When I met Amy in 2017 she had an old chihuahua named Unica. It died within a year. We married in 2018 and moved to Oaxaca, Mexico in 2019. Here, especially outside the city, many destitute animals wander around neglected. Three adopted us. It was because we pitied them and fed them. After the first two I told Amy not to show compassion any more. But a starving brown dog was too much for her to look at⏤and then there were three. One was murdered by a roaming alpha male that asserts himself over the vicinity. One we care for cannot be touched. Each has his own set of fears.

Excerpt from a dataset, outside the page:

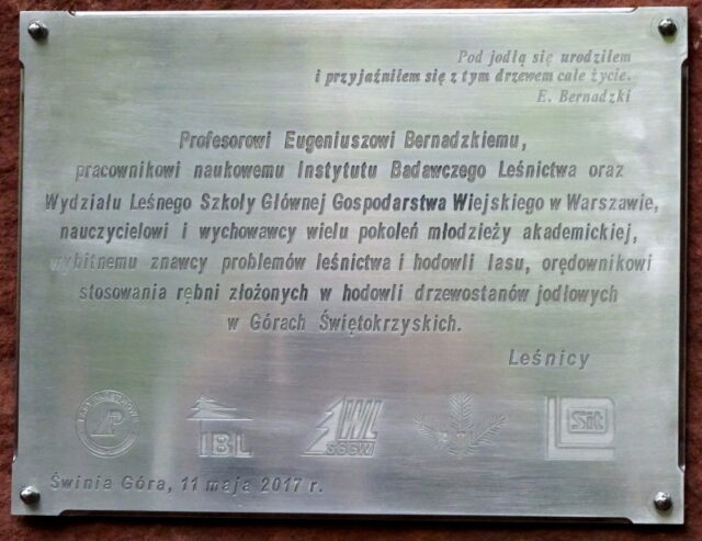 Tablica pamiątkowa ku pamięci prof. dr. hab. Eugeniusza Bernadzkiego na terenie Nadleśnictwa Suchedniów

These dogs came to us. But in her heart, Amy wanted the dog that is considered an emblem of Mexico, called Xoloitzcuintle. I had never seen one before moving to Mexico. At first sight I found them rather repulsive. Hairless, wrinkled, with often a tuft of colored hair (moica ) shooting up between their eyes onto the forehead. Amy had an attraction to the Xoloitzcuintle. Maybe because she is a person who deeply feels cultural roots. The name is from the Nahuatl language. Nahua people primarily live in central Mexico and comprise the largest indigenous group. The Aztecs and Toltecs are descendants.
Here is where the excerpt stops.